When studying social animals we are essentially taking a top down view on social learning; we are can understand how social learning manifests itself but we can't really tackle the question of how the social behaviors we are observing emerged as viable adaptive strategies. Whilst artificial evolutionary systems, like all models, are limited, they do enable us to asses not only which social behaviors evolve, but also how and when they evolve.

I am interested in tackling the question of How can social learning evolve from the bottom up. To investigate this problem I create grounded, neuroevolutionary, artificial life models in which populations of artificial agents evolve over time to tackle simple foraging problems. The agents have access to only simple social/public information, such as the age or health of the other agents.
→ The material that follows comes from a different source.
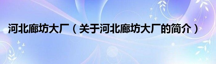 本文關于河北廊坊大廠的簡介就講解完畢,希望對大家有所幫助。
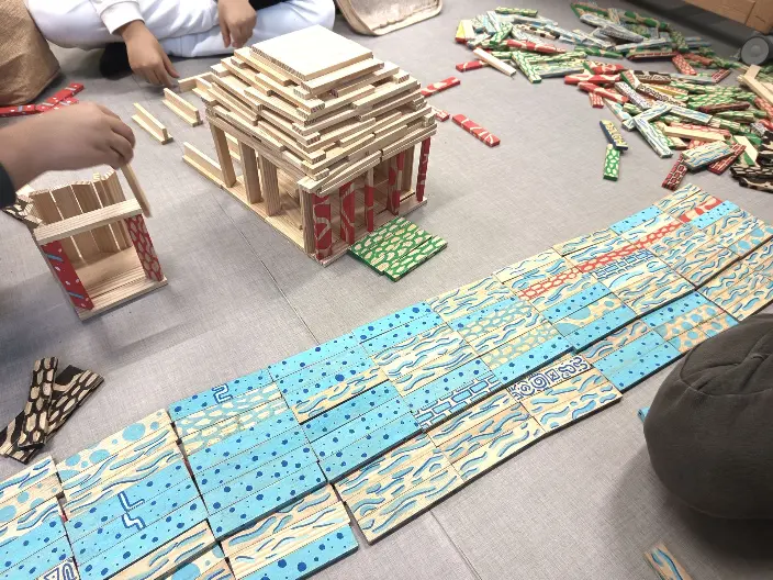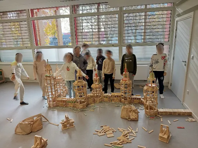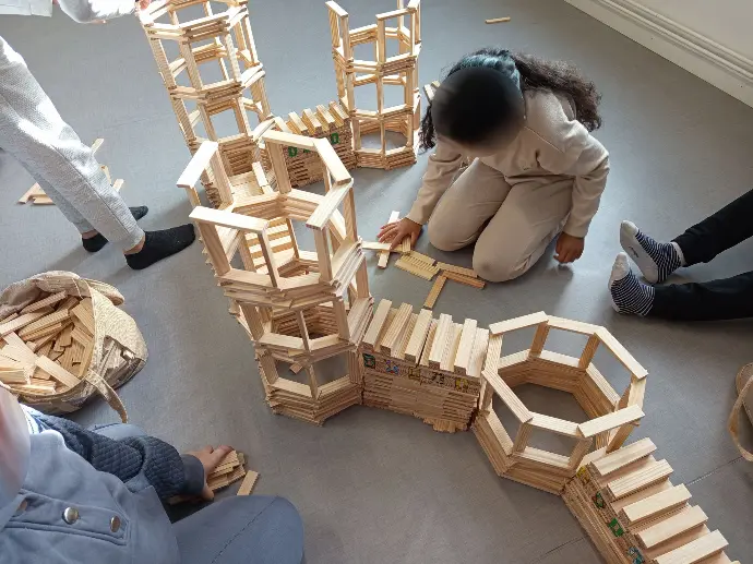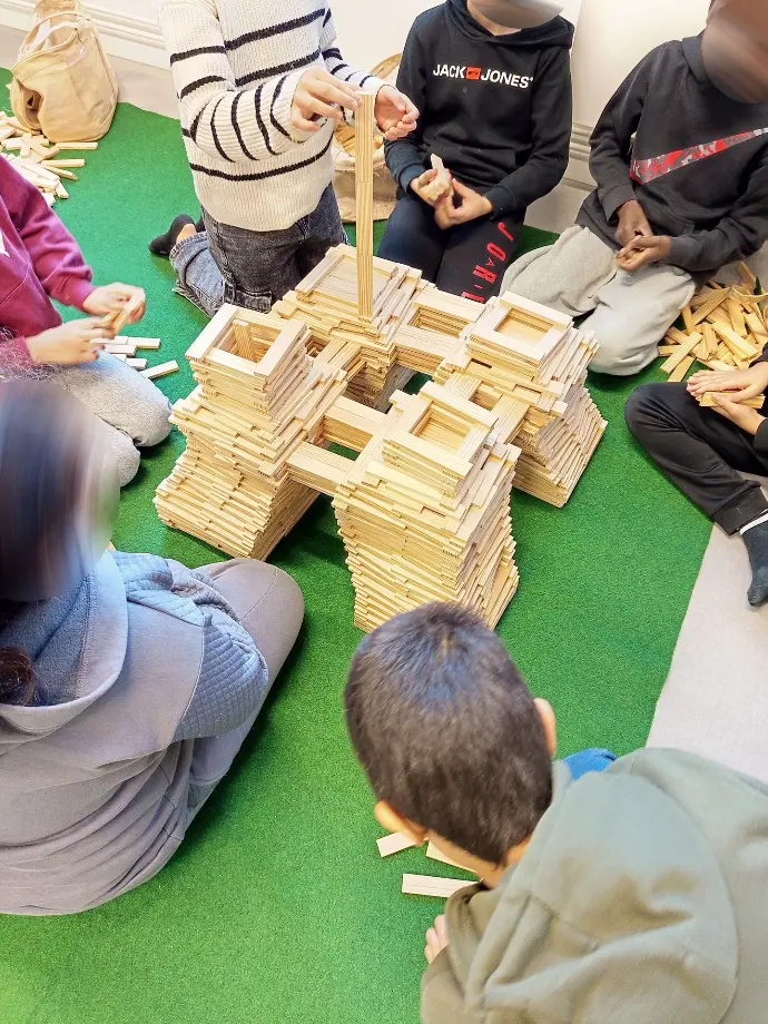 Lors de cet atelier collaboratif, les enfants ont d’abord réalisé individuellement des portions de murs du château. Ces éléments, conçus de manière modulaire, leur ont permis de réfléchir à la taille, à la forme et à l’organisation globale de la construction.

From this simple social information a variety of complex social learning strategies evolve in response to the difficulty of the environmental and behavior of other agents. Going forward I intend to make use Neuromodulated Plasticity and NEAT to allow for complex learning and the evolution of neural networks topologies.

Related Publications:

  • Borg JM and Channon A. (2021). The effect of social information use without learning on the evolution of social behavior. Artificial Life, vol. 26(4), pp.431-454. MIT Press. https://doi.org/10.1162/artl_a_00328

  • Borg JM and Channon A. (2017). Evolutionary Adaptation to Social Information Use Without Learning. Applications of Evolutionary Computation, EVOAPPLICATIONS 2017, PT I (vol. 10199, pp. 837-852). https://doi.org/10.1007/978-3-319-55849-3_54

  • Borg JM, Channon A, Day C. (2011). Discovering and maintaining behaviours inaccessible to incremental genetic evolution through transcription errors and cultural transmission. In: ECAL 2011: Proceeding of the Eleventh European Conference on the Synthesis and Simulation of Living Systems. (pp. 101-108). MIT Press. https://doi.org/10.7551/978-0-262-29714-1-ch019

The Development of Social Learning Strategies in Populations of Evolving Artificial Agents

In nature we see a variety of social learning strategies being employed, from copies the most common behavior (conformist social learning), to unbiased copying and even anti-conformist learning. I am interested in how these strategies can develop in response to environmental variability and environmental difficulty. By using populations of evolving artificial agents I hope to investigate when different social learning evolve, and when hybrid strategies evolve in populations. I also hope to see how important non-social learning (individual learning/asocial leaning/innovation) is important for enabling the evolution of different strategies - do some social learning strategies require more of less individual learning than others do be viable in the long term?

Related Publications:

  • Jolley BP, Borg JM, Channon A. (2016). Analysis of Social Learning Strategies When Discovering and Maintaining Behaviours Inaccessible to Incremental Genetic Evolution. From Animals to Animats 14 (vol. 9825, pp. 293-304). http://dx.doi.org/10.1007/978-3-319-43488-9_26

  • Borg JM, Jolley BP, Channon A. (2016). Social Learning Strategies: Who you learn from affects how new behaviours are discovered. The First International Workshop of Social Learning and Cultural Evolution. Cancun, Mexico. SLaCE-2016

Robust Social Behaviors in Evolving Robots

Over the next few decades robots (and other artificial agents) are expected to become an increasingly common part of modern life. However, if these robots are to become robust and autonomous parts of our day to day life they are going to need to learn and interact socially, both with Humans and one another. As it currently stands social behavior is currently built in to social robots, with very little on-line and social learning taking place - these behaviors are not only brittle in the long term, requiring constant updating, but are also biased by their human developers. One approach to making social robots socially robust and reactive to allow robot social behaviors to evolve over time with minimal developer input - this could lead to emergent robot social behavior and even robot culture. I am interested in the questions of how can be evolve robot social behavior that is still functional, safe and ethical. These questions are from both a scientific perspective: "how do we actually do evolve robot social behavior?", and a philosophical perspective: "what would acceptable robot social behavior look like?"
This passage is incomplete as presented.